You Have Many Different Kinds of Strength
August 22, 2014 by Dr. Ryan Niemiec ·
If you’ve been reading my blog, you’ve become familiar with various examples of character strengths, as well as the complexity involved in understanding character. These positive characteristics of personality are different from other types of strength, such as talents (what you do well), interests (what you enjoy doing), and resources (your external supports). Character strengths are viewed as “who you are,” in other words, they make up part of your core identity. Here’s a breakdown of several of the types of strengths that you possess
Types of Strengths
- Character strengths are capacities for thinking, feeling, willing, and behaving. They reflect what is best in you and can be viewed as part of your positive identity. The 24 strengths (e.g., fairness, hope, kindness, leadership) in the widespread VIA Classification are the best examples of this type of strength.

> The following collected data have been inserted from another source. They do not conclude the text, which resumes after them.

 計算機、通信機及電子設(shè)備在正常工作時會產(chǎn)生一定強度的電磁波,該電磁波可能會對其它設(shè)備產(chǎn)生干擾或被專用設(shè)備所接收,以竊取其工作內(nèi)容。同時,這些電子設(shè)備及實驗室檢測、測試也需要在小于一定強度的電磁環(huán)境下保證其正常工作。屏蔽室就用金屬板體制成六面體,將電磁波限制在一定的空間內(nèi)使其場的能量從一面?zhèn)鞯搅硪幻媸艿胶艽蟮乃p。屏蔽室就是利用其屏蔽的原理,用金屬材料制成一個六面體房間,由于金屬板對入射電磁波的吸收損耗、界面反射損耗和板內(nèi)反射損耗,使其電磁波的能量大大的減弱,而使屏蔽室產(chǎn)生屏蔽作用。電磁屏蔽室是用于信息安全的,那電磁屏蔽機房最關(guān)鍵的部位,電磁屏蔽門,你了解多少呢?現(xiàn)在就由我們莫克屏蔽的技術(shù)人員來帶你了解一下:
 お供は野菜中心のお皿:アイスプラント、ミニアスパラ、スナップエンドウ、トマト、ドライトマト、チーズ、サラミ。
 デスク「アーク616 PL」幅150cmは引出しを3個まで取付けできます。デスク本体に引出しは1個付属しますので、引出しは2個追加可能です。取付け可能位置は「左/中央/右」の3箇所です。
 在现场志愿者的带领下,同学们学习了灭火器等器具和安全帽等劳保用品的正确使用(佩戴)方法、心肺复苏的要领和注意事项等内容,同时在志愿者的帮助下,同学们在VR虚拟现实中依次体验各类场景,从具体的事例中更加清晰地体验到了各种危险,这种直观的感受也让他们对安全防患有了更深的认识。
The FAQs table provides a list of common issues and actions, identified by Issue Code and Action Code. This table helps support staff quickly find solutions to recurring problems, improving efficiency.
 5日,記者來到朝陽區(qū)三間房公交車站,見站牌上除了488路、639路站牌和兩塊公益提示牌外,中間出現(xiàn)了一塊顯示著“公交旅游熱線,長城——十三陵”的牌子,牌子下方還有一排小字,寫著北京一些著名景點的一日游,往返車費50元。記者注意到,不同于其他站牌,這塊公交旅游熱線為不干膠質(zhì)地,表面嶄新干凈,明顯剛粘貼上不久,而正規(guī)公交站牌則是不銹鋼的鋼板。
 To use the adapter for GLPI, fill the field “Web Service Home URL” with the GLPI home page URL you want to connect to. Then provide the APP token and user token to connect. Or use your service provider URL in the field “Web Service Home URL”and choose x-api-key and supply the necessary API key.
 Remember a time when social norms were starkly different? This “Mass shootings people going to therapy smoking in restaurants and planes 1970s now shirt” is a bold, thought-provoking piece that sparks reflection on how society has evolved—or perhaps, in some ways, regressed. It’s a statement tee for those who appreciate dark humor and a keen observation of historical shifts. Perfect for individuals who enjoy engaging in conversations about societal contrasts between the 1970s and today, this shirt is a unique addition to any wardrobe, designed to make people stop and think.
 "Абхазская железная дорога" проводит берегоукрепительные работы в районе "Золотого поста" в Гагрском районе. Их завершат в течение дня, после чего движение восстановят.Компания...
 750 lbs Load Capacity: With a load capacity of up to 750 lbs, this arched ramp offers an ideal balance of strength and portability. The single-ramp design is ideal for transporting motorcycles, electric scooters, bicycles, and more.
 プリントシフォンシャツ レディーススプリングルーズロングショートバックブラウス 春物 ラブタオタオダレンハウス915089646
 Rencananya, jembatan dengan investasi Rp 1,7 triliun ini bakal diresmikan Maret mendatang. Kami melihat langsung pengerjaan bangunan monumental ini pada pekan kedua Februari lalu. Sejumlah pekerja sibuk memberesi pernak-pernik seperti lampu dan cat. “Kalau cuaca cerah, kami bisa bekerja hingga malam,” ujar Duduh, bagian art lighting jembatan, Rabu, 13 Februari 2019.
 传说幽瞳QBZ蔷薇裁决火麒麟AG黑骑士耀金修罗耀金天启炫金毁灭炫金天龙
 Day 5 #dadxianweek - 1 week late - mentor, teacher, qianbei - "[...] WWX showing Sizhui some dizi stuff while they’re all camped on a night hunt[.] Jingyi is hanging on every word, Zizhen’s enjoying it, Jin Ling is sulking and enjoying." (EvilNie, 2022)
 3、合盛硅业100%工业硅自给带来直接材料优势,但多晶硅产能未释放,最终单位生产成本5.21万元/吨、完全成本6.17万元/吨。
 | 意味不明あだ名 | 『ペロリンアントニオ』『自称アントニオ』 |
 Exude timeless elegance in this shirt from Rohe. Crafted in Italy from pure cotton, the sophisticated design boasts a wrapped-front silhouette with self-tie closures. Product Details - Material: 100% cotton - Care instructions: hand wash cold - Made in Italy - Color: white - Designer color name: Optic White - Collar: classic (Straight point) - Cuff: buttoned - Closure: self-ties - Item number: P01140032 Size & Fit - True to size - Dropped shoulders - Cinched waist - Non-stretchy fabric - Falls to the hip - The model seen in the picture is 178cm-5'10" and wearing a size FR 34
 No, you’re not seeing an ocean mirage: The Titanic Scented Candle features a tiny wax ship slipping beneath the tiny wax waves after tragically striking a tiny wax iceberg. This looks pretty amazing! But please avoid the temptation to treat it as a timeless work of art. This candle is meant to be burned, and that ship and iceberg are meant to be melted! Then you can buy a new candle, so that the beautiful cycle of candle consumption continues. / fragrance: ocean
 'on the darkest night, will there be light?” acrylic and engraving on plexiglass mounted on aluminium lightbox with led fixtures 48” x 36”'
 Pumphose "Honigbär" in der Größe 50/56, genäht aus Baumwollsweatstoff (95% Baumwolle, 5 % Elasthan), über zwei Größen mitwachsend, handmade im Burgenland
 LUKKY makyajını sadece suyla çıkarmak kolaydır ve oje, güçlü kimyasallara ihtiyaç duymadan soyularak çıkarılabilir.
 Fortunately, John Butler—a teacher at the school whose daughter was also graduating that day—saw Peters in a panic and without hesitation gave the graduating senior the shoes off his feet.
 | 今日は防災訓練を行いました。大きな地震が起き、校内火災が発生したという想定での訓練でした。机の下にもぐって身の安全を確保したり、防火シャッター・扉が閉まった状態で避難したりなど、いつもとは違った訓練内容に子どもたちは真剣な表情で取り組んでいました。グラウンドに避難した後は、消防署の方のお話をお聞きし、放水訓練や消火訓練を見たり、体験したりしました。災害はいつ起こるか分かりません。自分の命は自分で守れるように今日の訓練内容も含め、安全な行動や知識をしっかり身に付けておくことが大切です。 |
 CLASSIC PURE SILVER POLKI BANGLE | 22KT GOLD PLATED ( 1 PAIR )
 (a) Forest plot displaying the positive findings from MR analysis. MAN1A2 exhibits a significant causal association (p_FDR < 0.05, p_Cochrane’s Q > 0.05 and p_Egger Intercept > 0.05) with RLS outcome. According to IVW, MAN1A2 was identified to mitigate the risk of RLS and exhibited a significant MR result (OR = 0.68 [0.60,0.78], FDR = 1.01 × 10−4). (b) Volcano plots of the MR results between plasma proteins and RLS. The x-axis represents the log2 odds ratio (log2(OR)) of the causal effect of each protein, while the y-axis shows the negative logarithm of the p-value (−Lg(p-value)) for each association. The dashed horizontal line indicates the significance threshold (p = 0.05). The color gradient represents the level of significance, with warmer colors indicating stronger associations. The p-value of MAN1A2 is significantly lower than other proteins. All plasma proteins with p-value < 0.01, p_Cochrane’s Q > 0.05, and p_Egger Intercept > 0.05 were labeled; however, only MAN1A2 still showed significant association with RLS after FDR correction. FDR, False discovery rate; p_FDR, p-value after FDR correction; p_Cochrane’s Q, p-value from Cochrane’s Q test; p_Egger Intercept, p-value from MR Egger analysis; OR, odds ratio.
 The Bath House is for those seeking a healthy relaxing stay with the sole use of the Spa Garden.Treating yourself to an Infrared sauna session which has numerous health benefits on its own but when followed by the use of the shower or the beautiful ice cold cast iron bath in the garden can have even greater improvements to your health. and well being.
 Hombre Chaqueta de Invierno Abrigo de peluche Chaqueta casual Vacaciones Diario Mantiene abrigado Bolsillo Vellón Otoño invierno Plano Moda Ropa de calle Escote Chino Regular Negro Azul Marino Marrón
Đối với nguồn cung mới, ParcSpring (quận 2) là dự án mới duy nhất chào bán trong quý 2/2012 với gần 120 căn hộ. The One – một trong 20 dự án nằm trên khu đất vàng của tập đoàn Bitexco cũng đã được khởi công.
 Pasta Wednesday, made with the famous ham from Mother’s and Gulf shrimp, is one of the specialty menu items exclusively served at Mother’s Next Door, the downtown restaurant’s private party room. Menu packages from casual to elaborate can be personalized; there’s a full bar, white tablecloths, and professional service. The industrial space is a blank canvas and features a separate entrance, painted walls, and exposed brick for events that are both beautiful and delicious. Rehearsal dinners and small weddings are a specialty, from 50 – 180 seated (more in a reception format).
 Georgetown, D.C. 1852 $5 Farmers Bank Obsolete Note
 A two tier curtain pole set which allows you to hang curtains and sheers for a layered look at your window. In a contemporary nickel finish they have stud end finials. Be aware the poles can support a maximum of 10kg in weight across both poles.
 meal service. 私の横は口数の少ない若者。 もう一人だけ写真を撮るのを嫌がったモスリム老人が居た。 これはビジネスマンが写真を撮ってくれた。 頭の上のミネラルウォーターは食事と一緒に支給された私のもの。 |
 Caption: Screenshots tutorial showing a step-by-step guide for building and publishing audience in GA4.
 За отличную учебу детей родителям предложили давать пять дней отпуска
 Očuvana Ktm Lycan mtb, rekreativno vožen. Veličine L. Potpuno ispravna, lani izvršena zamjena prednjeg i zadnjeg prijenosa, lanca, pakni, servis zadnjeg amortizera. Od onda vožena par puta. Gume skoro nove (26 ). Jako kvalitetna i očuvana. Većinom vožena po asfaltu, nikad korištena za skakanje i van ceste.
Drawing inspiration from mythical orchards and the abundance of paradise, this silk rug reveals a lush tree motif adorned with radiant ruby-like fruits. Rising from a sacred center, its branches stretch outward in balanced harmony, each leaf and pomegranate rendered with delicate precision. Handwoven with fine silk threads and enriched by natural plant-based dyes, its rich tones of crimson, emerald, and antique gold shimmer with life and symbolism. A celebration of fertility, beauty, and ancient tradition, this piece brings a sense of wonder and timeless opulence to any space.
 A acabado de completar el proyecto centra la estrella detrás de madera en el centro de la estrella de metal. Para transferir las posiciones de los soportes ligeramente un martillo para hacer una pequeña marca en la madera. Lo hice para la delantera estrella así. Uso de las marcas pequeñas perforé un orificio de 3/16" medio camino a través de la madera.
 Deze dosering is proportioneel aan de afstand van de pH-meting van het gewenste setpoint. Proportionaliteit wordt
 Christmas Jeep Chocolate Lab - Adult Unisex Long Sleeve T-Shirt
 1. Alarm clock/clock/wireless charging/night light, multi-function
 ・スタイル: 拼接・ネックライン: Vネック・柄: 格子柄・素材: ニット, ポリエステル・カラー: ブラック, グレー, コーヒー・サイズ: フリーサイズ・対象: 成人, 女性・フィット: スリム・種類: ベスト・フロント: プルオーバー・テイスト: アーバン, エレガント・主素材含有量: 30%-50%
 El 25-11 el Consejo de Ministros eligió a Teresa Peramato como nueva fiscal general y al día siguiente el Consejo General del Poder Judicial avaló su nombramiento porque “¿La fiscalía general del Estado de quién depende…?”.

- Talents are strengths that are innate abilities, which typically have a strong biological loading, and may or may not be well-developed (e.g., intelligence, musical ability, athletic ability).
- Skills are strengths that are specific proficiencies developed through training (e.g., learning a particular trade; computing skills; researching skills).
- Interests are strengths that are areas or topics you are passionate about and driven to pursue, such as playing sports, engaging in particular hobbies, and working with arts or crafts.
- Values are enduring beliefs, principles, or ideals that are of prime importance to you. Values reside in your thoughts and feelings, not behavior. E.g., your value for family, your value for hard work.
- Learning styles are ideas or hypotheses about how people approach new material, e.g., you might be reflective in how you learn a particular subject, or you might be more interpersonal in your style because you want to receive new learnings through discussion rather than reading.
- Resources are the one type of strength that is external. These are your external supports, such as social and spiritual connections, living in a safe neighborhood, and being part of a good family.
One Category Serves as the Driving Force
Character strengths cut across the strength categories. In many cases, character strengths underpin the other categories and draw the other strengths forward. They are often the driving force. For example, you might use hope to develop a new skill for work, curiosity to explore an area of interest, and gratitude and kindness to tap into your external resources.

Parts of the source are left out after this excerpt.